## Problem statement
From the records that follow, return exactly the lines beginning at the one that contains "Diet: I have" and ending at the one that contains "Women's Faux Leather", pictures left out.

## Listed entries

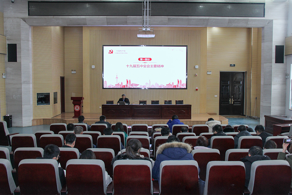 12月29日下午,副院(yuan)長郭(guo)鵬在圖書行(xing)政(zheng)樓(lou)東報告廳以《第十九(jiu)屆五中(zhong)全會(hui)精(jing)神學(xue)習》為題(ti)講授專題(ti)黨課,學(xue)校教務(wu)處、科學(xue)技術與社會(hui)服務(wu)處、招生就(jiu)業(ye)與校企(qi)合作處、繼續(xu)教育處、南山(shan)書院(yuan)、土(tu)木(mu)工程(cheng)學(xue)院(yuan)、管理學(xue)院(yuan)、國際交流學(xue)院(yuan)、實訓中(zhong)心、圖書館等十個部門的黨員參加了黨課學(xue)習。
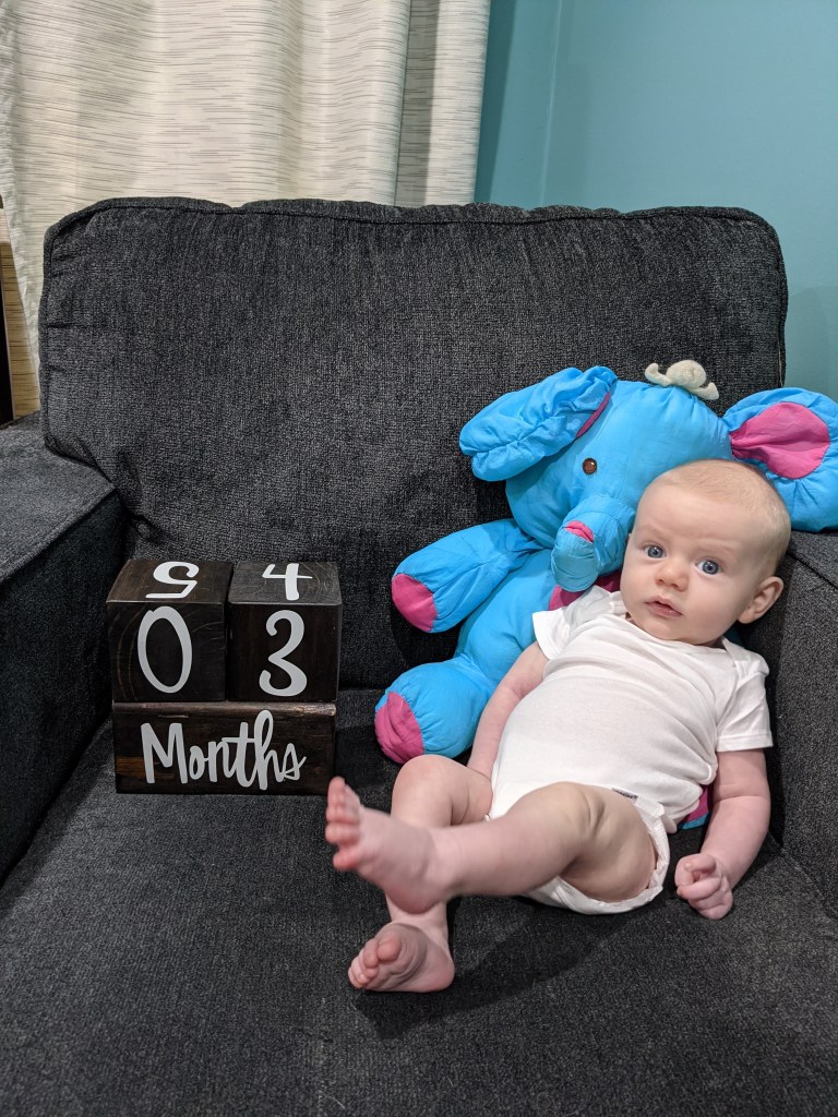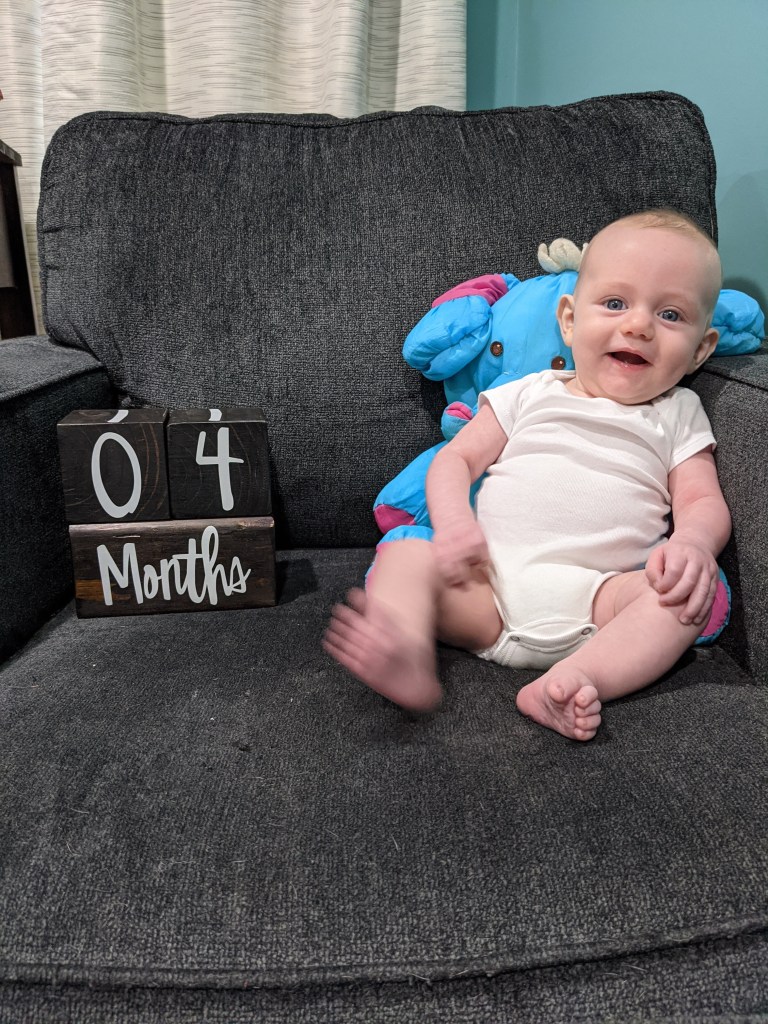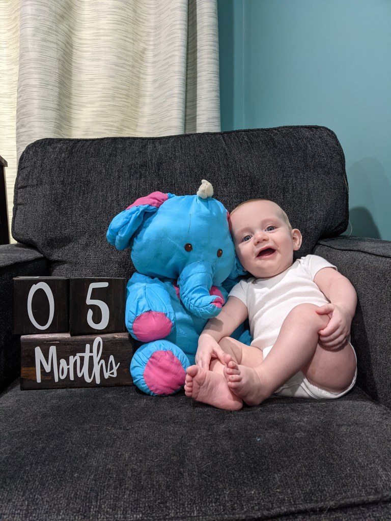 Diet: I have made it another full month of exclusively breastfeeding him! My supply is going down when I am pumping, so I am not sure if it also going down when I am at home. The last couple weeks have been extremely difficult for us in this arena. He is only wanting to feed for 5-10 minutes for each feeding, and a lot of that he spends crying or biting me. I have had to add additional feedings throughout the day, and he is often waking up in the middle of the night. I just am not sure what is happening as I didn’t have this occur with either other kid. They were both on formula at this point. I am worried that he isn’t getting enough. But he is growing so I guess there is that. He just seems easily distracted or impatient with me. Walt feeds 5-7 times a day, and on average it adds up to 2 hours of nursing. He was going around 4 hours between feedings during the day, and then this week is about every 2-3 hours. My app says that we have had 159 feedings over this last month, and spent 2 days nursing him. I have also pumped 17 times over the month. We continued with solids this month, but we haven’t been pushing it too much since he still doesn’t seem too interested. He does really like strawberries, peaches, and green beans. We added sweet potato fries, yogurt, and applesauce this month.
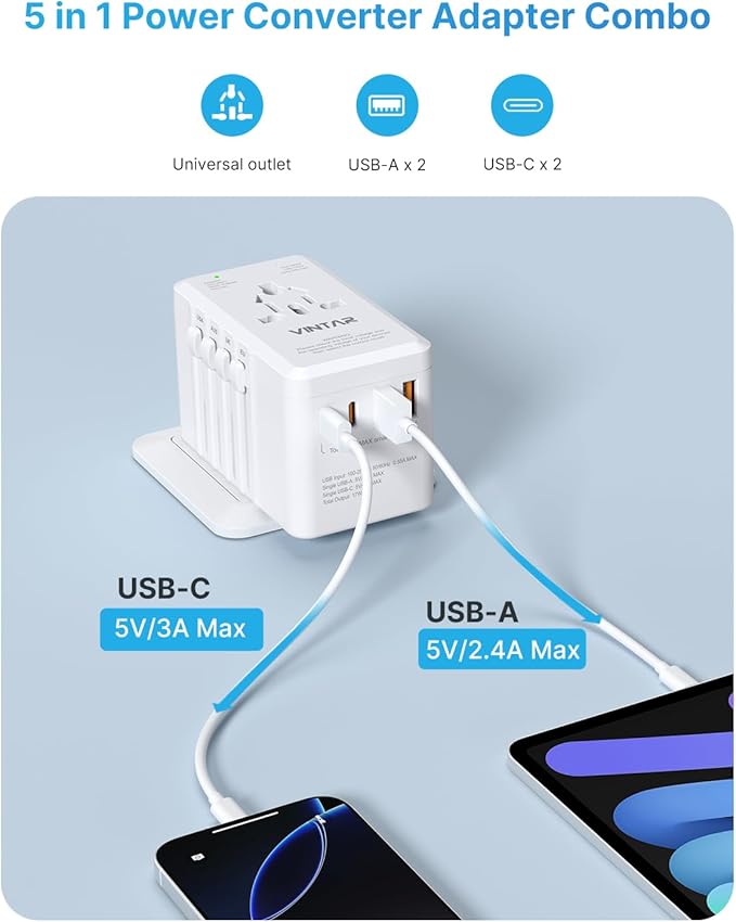 - 5 in 1 Step Down Converter: This power converter for european travel is equipped with universal AC socket and 4 USB charging ports (2 USB C), accept plugs from US, EU, UK, AUS and more countries; The 2 USB A ports can charge up to 2.4A, and 2 USB C ports can charge up to 3A, all the USB ports output 3.4A/17W max. This voltage converter US to europe perfect for charging various USB devices
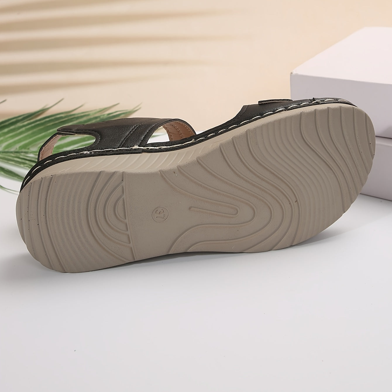 Women's Faux Leather Open-Toe Wedge Sandals with Hook-and-Loop Fastener
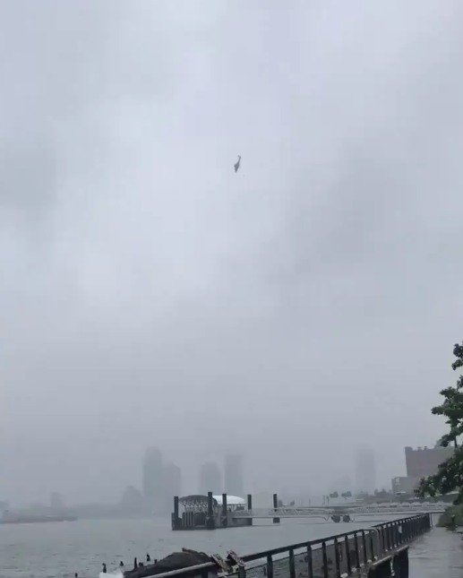La vidéo montre un hélicoptère qui vole d’une façon étrange avant de disparaitre dans les nuages en direction de Manhattan. Elle n’a pas encore été formellement validée pour les autorités.
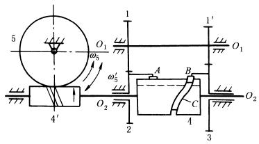 右图中,固联在主动轴O1上的齿轮1和1' 分别与活套在轴O2上的齿轮2和3啮合。齿轮2上的凸销A嵌于圆柱凸轮4的纵向直槽中,带动圆柱凸轮4一起回转并允许其沿轴向有相对位移;齿轮3上的滚子B装在圆柱凸轮4的曲线槽C中。由于齿轮2和齿轮3的转速有差异,所以滚子B在槽C内将发生相对运动,使凸轮4沿轴O2移动。当主动轴O1连续回转时,圆柱凸轮4及与其固结的蜗杆4' 将作转动兼移动的复合运动。从而传动蜗轮5。蜗杆4' 的等角速转动使蜗轮5以ω'5等角速转动,蜗杆4' 的变速移动使蜗轮5以ω5变角速转动,该蜗轮的运动为两者的合成而作时快时慢的变角速转动,以满足纺丝卷绕工艺的要求。 |
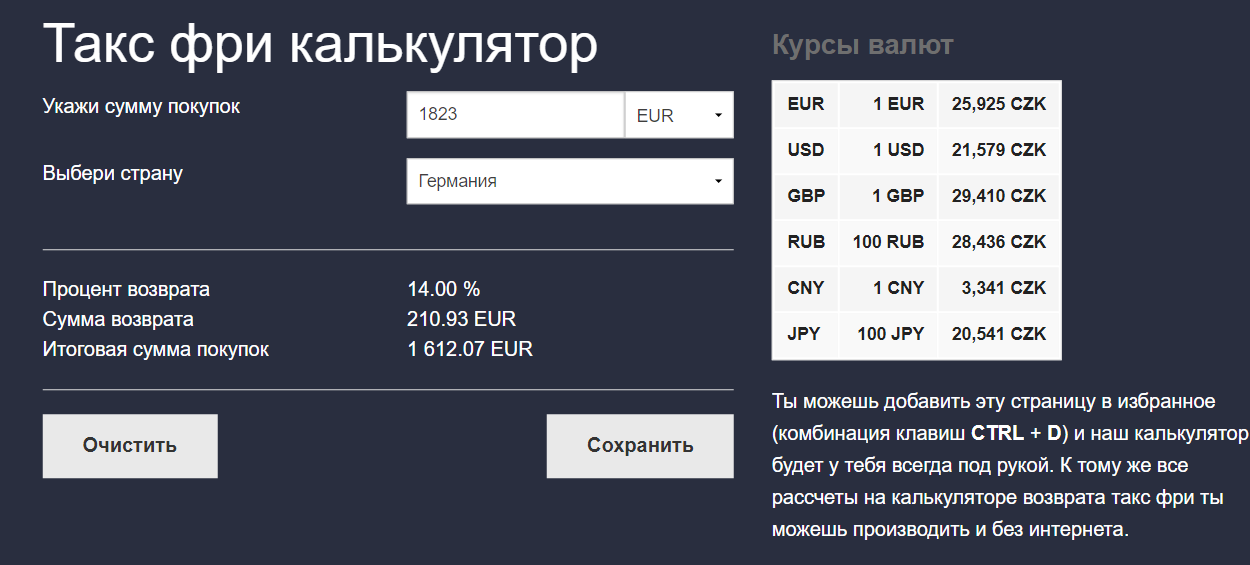 По калькулятору такс фри возвращают германских 14% на границе
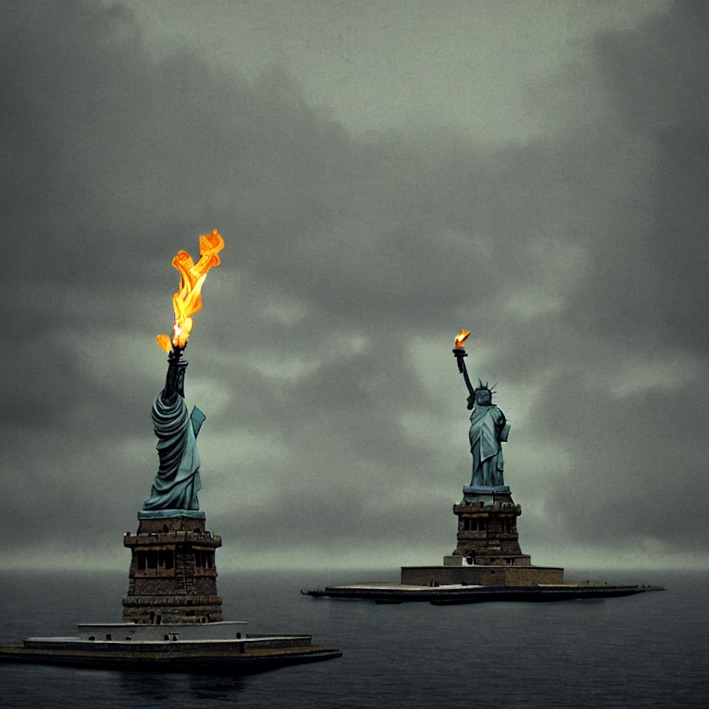 a realistic accurate close photo of the Hand of the Statue of Liberty holding the torch, rusty and mossy, abandoned, grey sky get dark
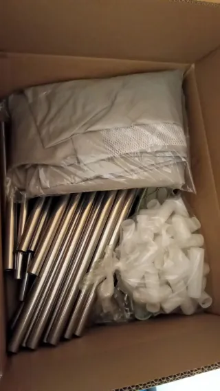 Parque infantil XL de tela, red y estructura metálica. - Color gris. - Puertas de acceso con cremallera. - Fácil de montar y desmontar.

## Result below
 Diet: I have made it another full month of exclusively breastfeeding him! My supply is going down when I am pumping, so I am not sure if it also going down when I am at home. The last couple weeks have been extremely difficult for us in this arena. He is only wanting to feed for 5-10 minutes for each feeding, and a lot of that he spends crying or biting me. I have had to add additional feedings throughout the day, and he is often waking up in the middle of the night. I just am not sure what is happening as I didn’t have this occur with either other kid. They were both on formula at this point. I am worried that he isn’t getting enough. But he is growing so I guess there is that. He just seems easily distracted or impatient with me. Walt feeds 5-7 times a day, and on average it adds up to 2 hours of nursing. He was going around 4 hours between feedings during the day, and then this week is about every 2-3 hours. My app says that we have had 159 feedings over this last month, and spent 2 days nursing him. I have also pumped 17 times over the month. We continued with solids this month, but we haven’t been pushing it too much since he still doesn’t seem too interested. He does really like strawberries, peaches, and green beans. We added sweet potato fries, yogurt, and applesauce this month.
 - 5 in 1 Step Down Converter: This power converter for european travel is equipped with universal AC socket and 4 USB charging ports (2 USB C), accept plugs from US, EU, UK, AUS and more countries; The 2 USB A ports can charge up to 2.4A, and 2 USB C ports can charge up to 3A, all the USB ports output 3.4A/17W max. This voltage converter US to europe perfect for charging various USB devices
 Women's Faux Leather Open-Toe Wedge Sandals with Hook-and-Loop Fastener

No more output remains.